In recent years, the ACCC has advocated for the onus of proof to be reversed so that, in mergers opposed by the ACCC, there is a rebuttable presumption that the merger is anti-competitive unless the merger parties can provide clear evidence to the contrary. It has also sought additional merger factors to be included under section 50(3) of the CCA, such as whether the acquisition would result in the removal from the market of a potential competitor. Finally, it has canvassed amendments to the ‘substantial lessening of competition test’, for example, to prohibit acquisitions that have the likely effect of ‘materially’ rather than ‘substantially’ lessening competition.
However, given that a number of the ACCC’s recent losses can arguably be attributed to the courts simply taking a different view on factual matters, it is not clear these kinds of changes would be likely to materially improve the ACCC’s prospects in future litigation. For example, in the Pacific National decision, the Full Court simply took a different view to the ACCC as to whether the evidence demonstrated a new entry by a supplier of interstate intermodal rail freight services was likely in the medium term. Similarly, in the Vodafone/TPG decision, the Federal Court did not accept the ACCC’s argument that TPG would roll out its own mobile network if the merger did not proceed.
The ACCC has historically been reluctant to accept behavioural undertakings from merger parties. This has been in part because ongoing monitoring of compliance with non-discrimination obligations or ring fencing arrangements is inherently challenging. In the limited circumstances where it has accepted them, the ACCC often insists on relatively intrusive mechanisms to monitor and audit compliance.
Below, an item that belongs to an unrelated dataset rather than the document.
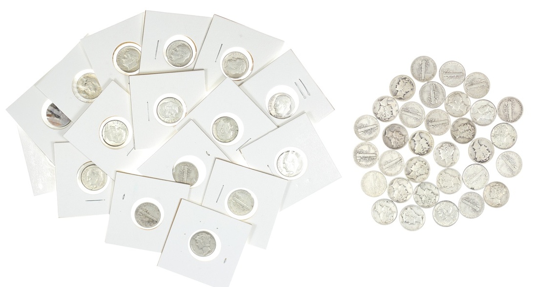 Circulated Silver Lot. Dimes - Mercury (178), Roosevelt (15); Quarters -- Barber, Standing Liberty (40); Washington (36); Half Dollars -- Walking Liberty (6), Franklin (5), Kennedy (3), 40% (3). Some Uncs.

The decision clarifies that there may be an avenue for potentially avoiding these objections by substituting ACCC oversight of behavioural undertakings for that of a court (if an undertaking proves necessary at all). In certain circumstances, this may give merger parties more leverage in negotiations with the ACCC on the form of any undertaking it requires. However, its strategic benefit is likely limited to circumstances where the merger parties are genuinely willing to litigate.
 This issue was not fully resolved in Australian Competition and Consumer Commission v Metcash Trading Ltd  FCAFC 151.